Here is one of society’s “taboo” topics that we really do not like to talk about. So we will keep this article mercifully brief.

Urinary incontinence – the involuntary passing of urine – is common. It is thought to affect a third of adults over 60. Women are affected twice as often as men and the problem is more common (but not inevitable) as we age. Women who have had vaginal births are most at risk. Obesity and sedentary living and alcohol-abuse are all clear risk factors.

There are various types of incontinence, and many patients have mixed-cause incontinence. A full assessment that includes abdominal, rectal, and vaginal examination as well as some tests like ultrasound-imaging, will be needed to assess the situation. Treatment options include lifestyle changes, pelvic muscle exercises, medications, assistive devices (e.g. pessaries inserted vaginally) and surgery. Various absorbent pads (adult diapers) are often used.
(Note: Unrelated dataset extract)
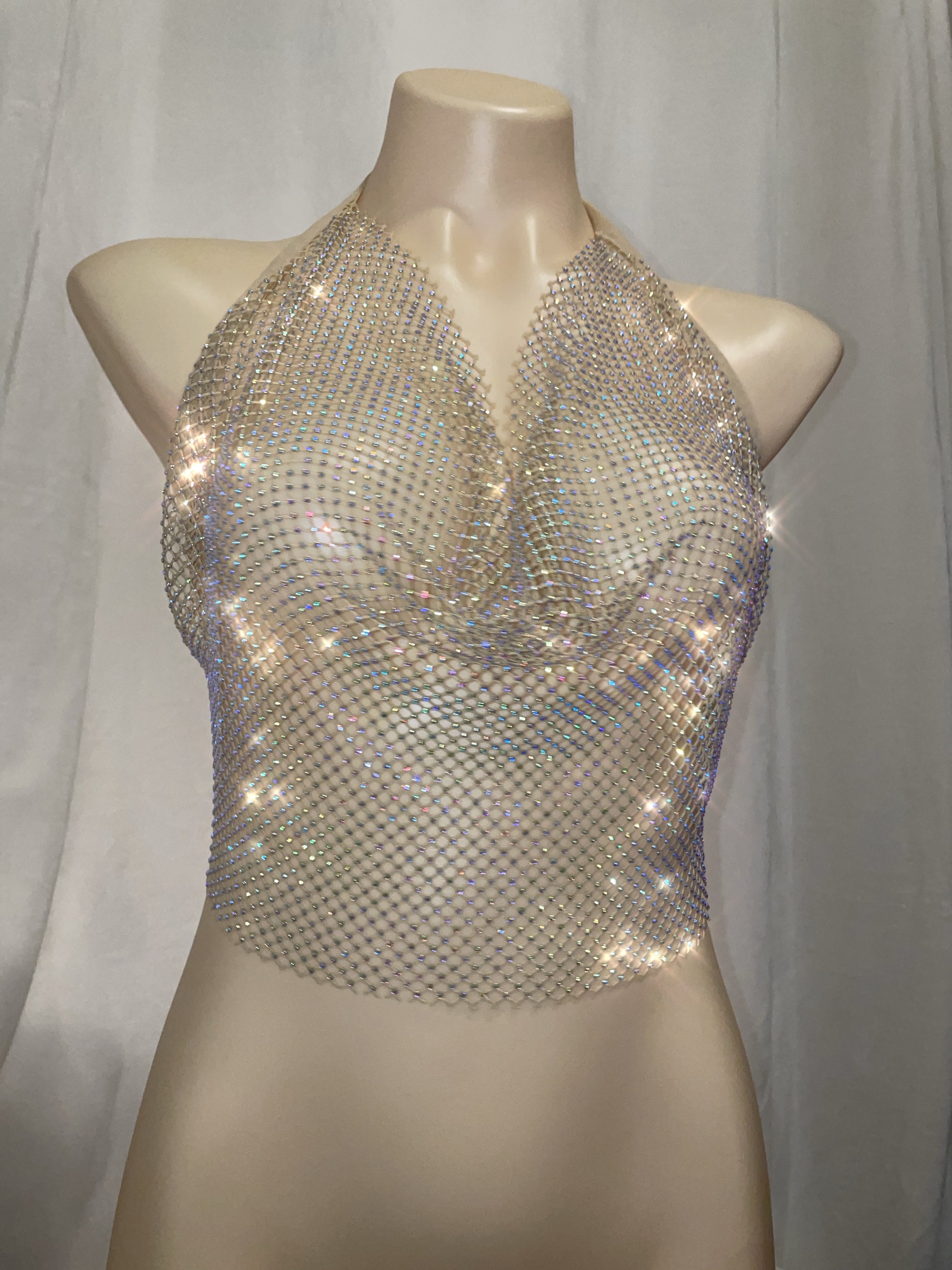 Fishnet Rhinestone tie top

A family doctor is the best person to see initially, but referral to specialist urologists, gynaecologists, and others, is likely.
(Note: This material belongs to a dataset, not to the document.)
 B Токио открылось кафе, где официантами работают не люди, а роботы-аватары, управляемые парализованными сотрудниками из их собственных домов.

Treatment results are mixed, and a lot depends on the underlying cause as well as the patient’s general health. A combination of exercises, lifestyle changes, and surgery is often quite helpful.

The message here is simple: urinary incontinence is a distressing, important, and common condition. It causes much suffering and is among the main reasons for admission to institutional care in the elderly. It is something we should try to be less hesitant to discuss since it is very likely to affect us or those we care for, now or in the future.